Members of Squamish's Between Shifts Theatre Society are doing their best to stay positive and creative during COVID-19.
In the spring, the non-profit society was poised to take the stage on March 26 with the play Sexy Laundry, when the pandemic hit.
"We had the set built. The actors had memorized the entire play — this is a two-act play with only two actors, so you can imagine the work that the two actors went into. Not to mention the costumes and props and the guy building the set and the lighting designer — everything had gone into that," said Kathryn Daniels, artistic managing director with Between Shifts.

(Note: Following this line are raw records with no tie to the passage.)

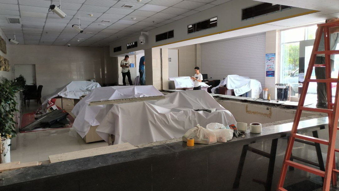 直到晚上,工人都还没有完成工作。防弹玻璃是拆了,不过还有很多灰,还拆了一部分窗台台面。感觉明天上不了班了…… 话说这些白布铺把桌子一搭,太平间的感觉瞬间就起来了(笑。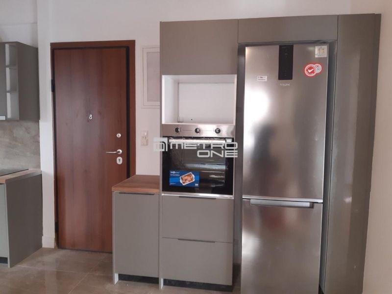 - Кухня с заводскими наклейками на технике, возможно новострой без жильцов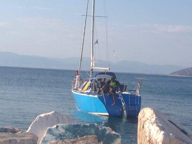 The boat is registered in Germany and is located in Greece in Thasos island.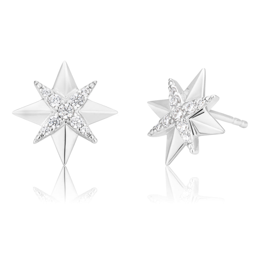 Sterling Silver Zirconia Crossover Star Stud Earrings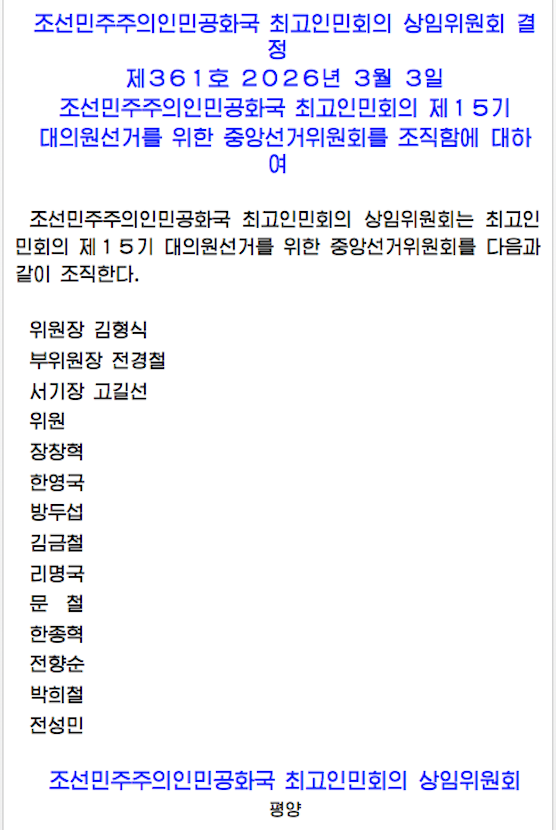 - 조선민주주의인민공화국 최고인민회의 상임위원회 결정 조선민주주의인민공화국 최고인민회의 제15기 대의원선거를 위한 중앙선거위원회를 조직함에 대하여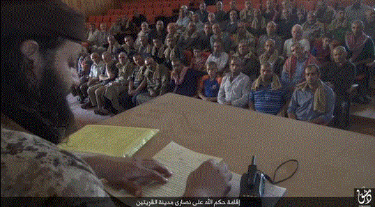 H τρομοκρατική ISIS που έχει αφεθεί ανεξέλεγκτη σαν τυφώνας στη Μέση Ανατολή επιβάλει τώρα Jizyah κεφαλικό φόρο στους Dhimmi όπως λέγονται οι χριστιανοί που ζουν επί μουσουλμανικών εδαφών και πιο συγκεκριμένα στην πόλη al-Qaryatain ΝΑ της Homs.Την πόλη αυτή κατέλαβε πρόσφατα και μάλιστα απήγαγε περισσότερους από 200 κατοίκους κατά πλειοψηφίαν χριστιανούς.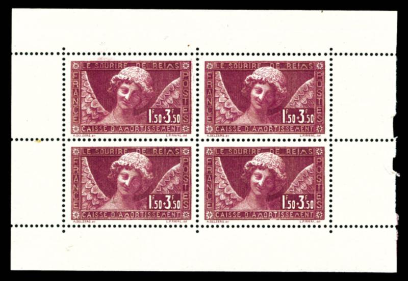 N°256a, Sourire de Reims: 1F50 +3F50 lilas bloc de quatre provenant de carnet, TB Qualité: ** Cote: 660 euros (Image)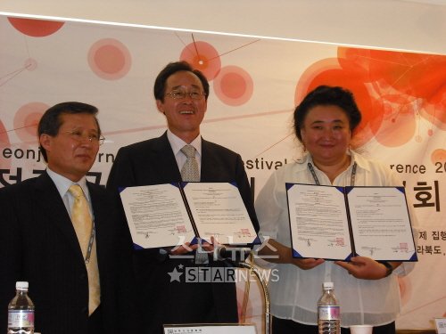 2일 오후2시 전북 전주시 영화의 거리 내 쌈지 매장 2층 공식기자회견장에서 송하진 조직위원장과 민병록 집행위원장, 굴라나 아비케예바 유라시아국제영화제 아트 디렉터가 참석해 양 영화제간의 MOU를 체결했다.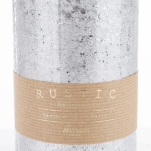 Strieborná sviečka rustikálna metalická stredná valcová priemer 9 cm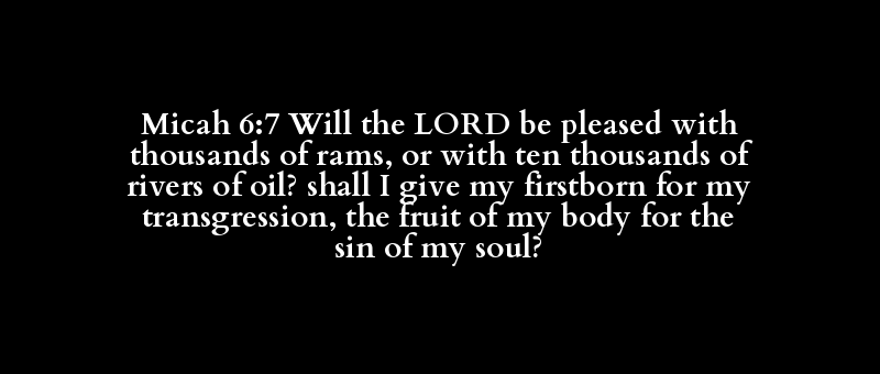 Micah 6:7 Will the LORD be pleased with thousands of rams, or with ten thousands of rivers of oil? shall I give my firstborn for my transgression, the fruit of my body for the sin of my soul?

"It is such a shame because those two actors were really working hard at it. It was going to be fun — so much fun," she said. The play remains on the backburner to be performed as soon as it is possible, Daniels said, likely when there is a vaccine so that people can once again gather in a theatre setting.
Thankfully, the playwright for Sexy Laundry, Michele Riml, isn't charging them until the play actually takes the stage, which is helpful, Daniels said.
The company is "praying" that next Christmas, there will be live in-house plays as in the time before COVID, Daniels said.
There is also hope for some outdoor summer performances, but there are many moving parts and unknowns that would have to be worked out before that was a reality, she said.
"We have always wanted to do something outdoors — like a shortened version of a Shakespeare play, or something like that — a light Shakespeare play," she said.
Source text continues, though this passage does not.